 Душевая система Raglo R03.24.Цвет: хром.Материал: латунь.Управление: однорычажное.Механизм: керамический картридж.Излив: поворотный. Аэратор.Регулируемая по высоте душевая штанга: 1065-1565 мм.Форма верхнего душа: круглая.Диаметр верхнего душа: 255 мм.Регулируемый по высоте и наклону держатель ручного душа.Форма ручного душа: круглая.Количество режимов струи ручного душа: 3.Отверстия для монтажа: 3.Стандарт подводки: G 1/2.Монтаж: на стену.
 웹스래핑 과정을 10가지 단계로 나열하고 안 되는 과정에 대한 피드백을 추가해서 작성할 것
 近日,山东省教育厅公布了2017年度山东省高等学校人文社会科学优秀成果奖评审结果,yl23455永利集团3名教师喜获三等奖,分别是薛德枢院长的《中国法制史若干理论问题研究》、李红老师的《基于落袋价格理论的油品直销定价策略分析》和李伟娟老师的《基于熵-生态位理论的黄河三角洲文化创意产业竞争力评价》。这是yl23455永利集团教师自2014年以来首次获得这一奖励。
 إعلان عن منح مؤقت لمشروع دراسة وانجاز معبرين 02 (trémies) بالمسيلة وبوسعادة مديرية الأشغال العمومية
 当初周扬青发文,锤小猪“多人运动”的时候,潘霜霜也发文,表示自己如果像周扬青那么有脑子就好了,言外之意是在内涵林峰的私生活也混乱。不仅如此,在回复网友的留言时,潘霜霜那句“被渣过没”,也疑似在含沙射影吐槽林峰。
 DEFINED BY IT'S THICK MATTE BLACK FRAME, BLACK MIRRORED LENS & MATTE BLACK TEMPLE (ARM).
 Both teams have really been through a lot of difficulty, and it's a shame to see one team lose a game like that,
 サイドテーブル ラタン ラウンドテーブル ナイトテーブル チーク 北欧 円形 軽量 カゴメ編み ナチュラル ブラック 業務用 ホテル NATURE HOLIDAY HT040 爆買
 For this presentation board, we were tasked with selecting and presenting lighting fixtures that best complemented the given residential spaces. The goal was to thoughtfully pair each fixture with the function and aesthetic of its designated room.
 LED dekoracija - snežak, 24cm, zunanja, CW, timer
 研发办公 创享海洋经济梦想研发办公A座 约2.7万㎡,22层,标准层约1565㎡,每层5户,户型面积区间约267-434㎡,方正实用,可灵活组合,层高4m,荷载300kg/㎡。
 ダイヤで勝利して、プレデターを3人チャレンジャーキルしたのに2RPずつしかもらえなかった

—————

## REQUIREMENT
Copy out each line of the listing where the string "that" appears.

## EXPECTED ANSWER
 Both teams have really been through a lot of difficulty, and it's a shame to see one team lose a game like that,
 For this presentation board, we were tasked with selecting and presenting lighting fixtures that best complemented the given residential spaces. The goal was to thoughtfully pair each fixture with the function and aesthetic of its designated room.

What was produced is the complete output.